Start of Recorded data

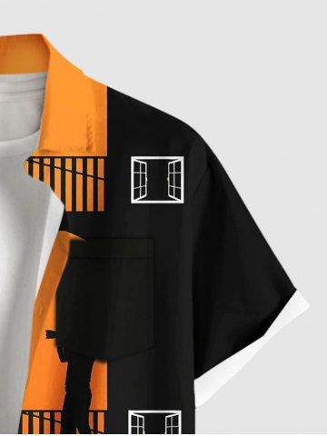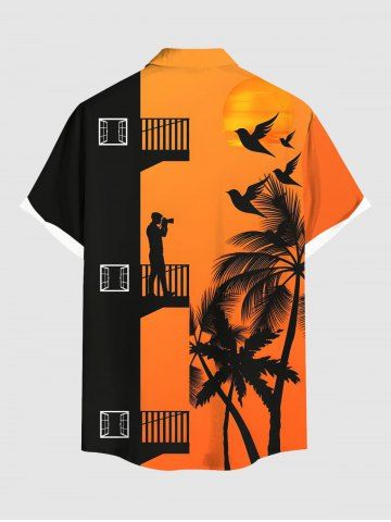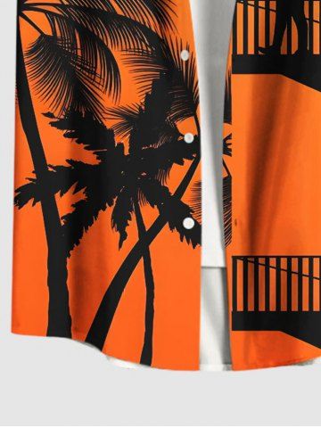 Plus Size Coconut Tree Building Bird Print Hawaii Button Pocket Shirt For Men - Orange - Orange
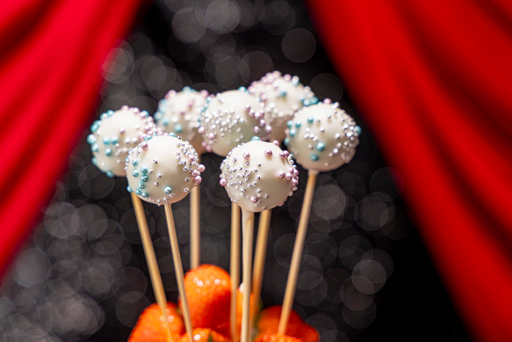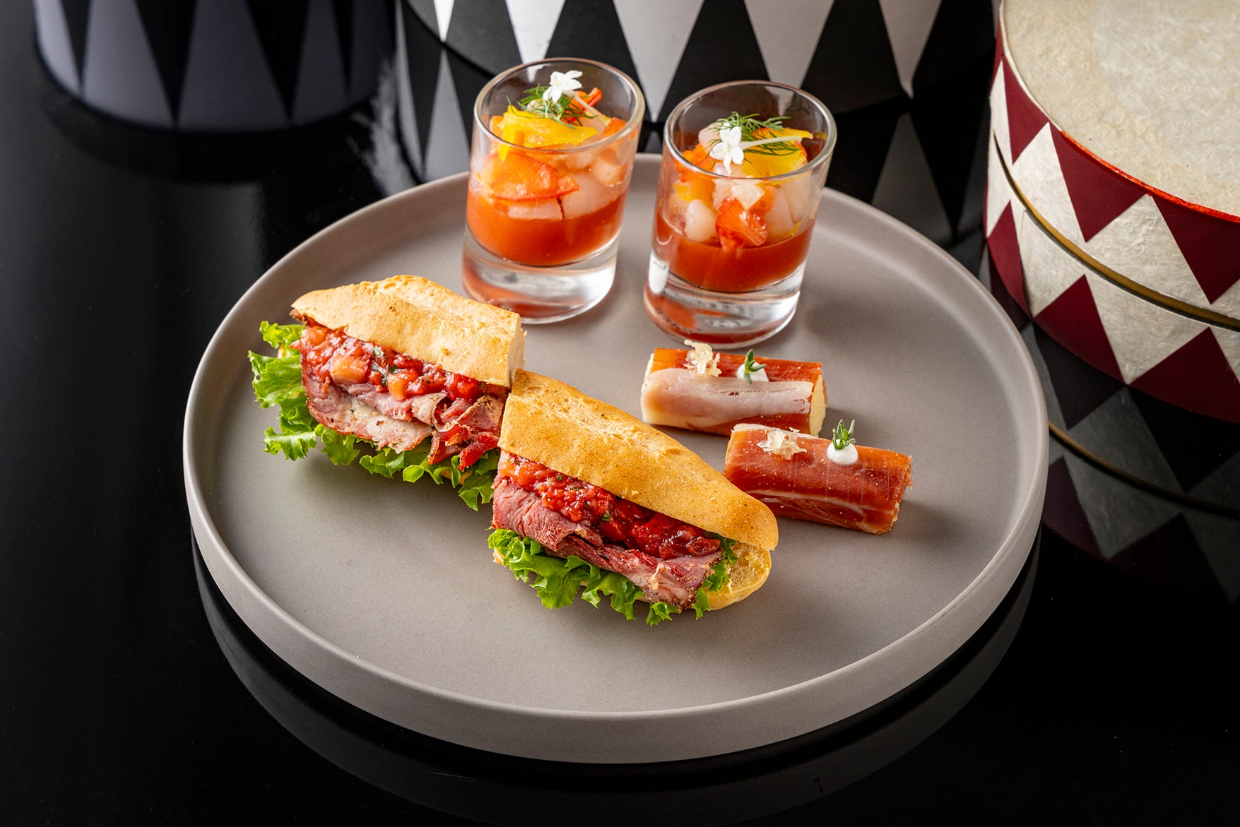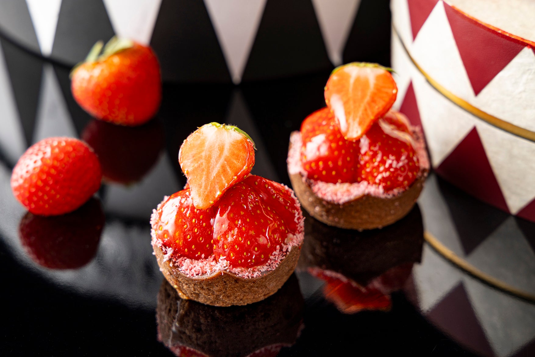 艶やかなルージュカラーのグレーズに包まれた、いちご型ムース。黒のベースに映える姿は、まるでパーティーの主役。
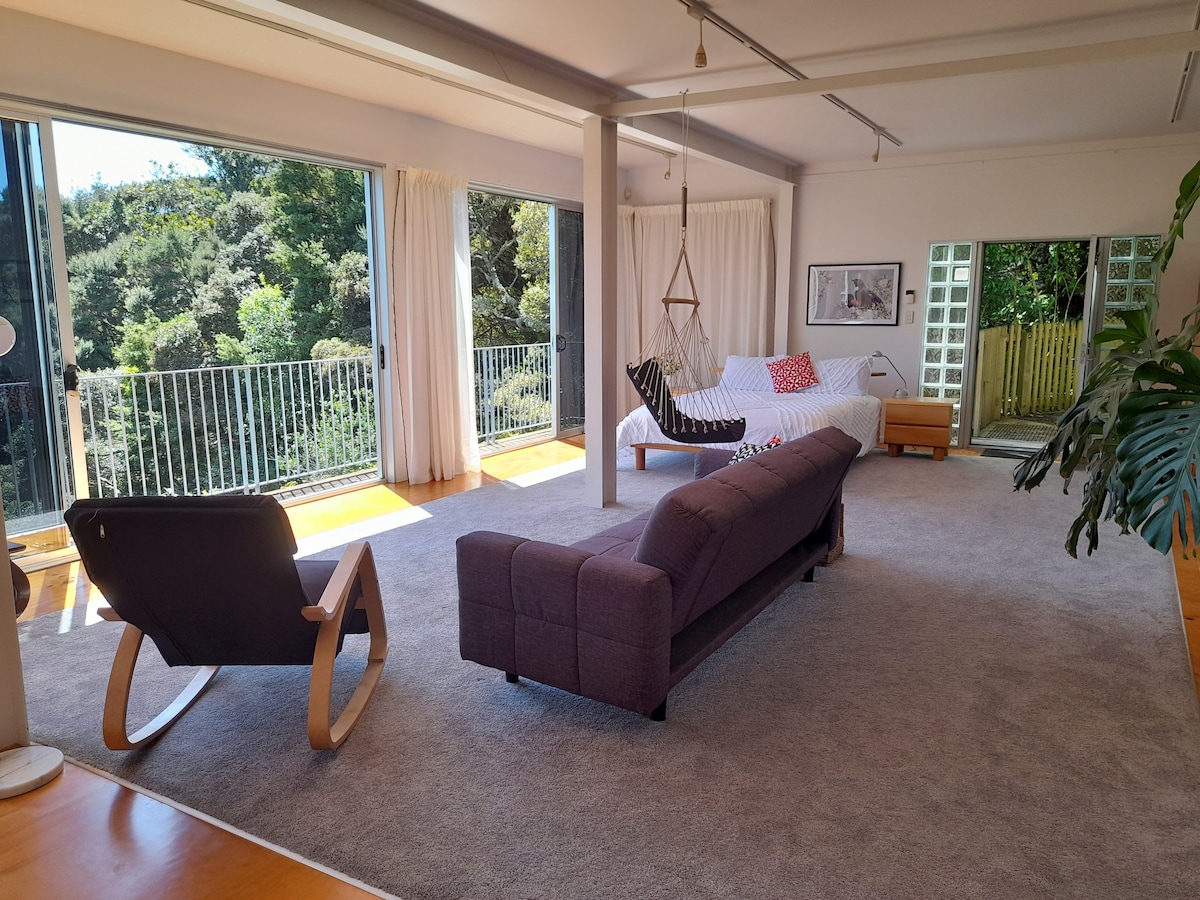 Relax at a unique and tranquil getaway, cosy, romantic and immersed in nature. An open plan studio nestled next to a gentle stream on the native forested foothills of Whale bay, Raglan. An easy 6 min walk to the surf at Whale bay, Indicators or Outside Indicators a few mins drive to Manu bay or Ngarunui beach. Warm and cosy with a beautiful open fire, modern insulation & large double glazed sliding doors. The heat pump heats the studio within 15mins.

End of Recorded data

### How to complete this task
Down to the last line, reproduce the material above exactly; skip its images.

### Expected answer
 Plus Size Coconut Tree Building Bird Print Hawaii Button Pocket Shirt For Men - Orange - Orange
 艶やかなルージュカラーのグレーズに包まれた、いちご型ムース。黒のベースに映える姿は、まるでパーティーの主役。
 Relax at a unique and tranquil getaway, cosy, romantic and immersed in nature. An open plan studio nestled next to a gentle stream on the native forested foothills of Whale bay, Raglan. An easy 6 min walk to the surf at Whale bay, Indicators or Outside Indicators a few mins drive to Manu bay or Ngarunui beach. Warm and cosy with a beautiful open fire, modern insulation & large double glazed sliding doors. The heat pump heats the studio within 15mins.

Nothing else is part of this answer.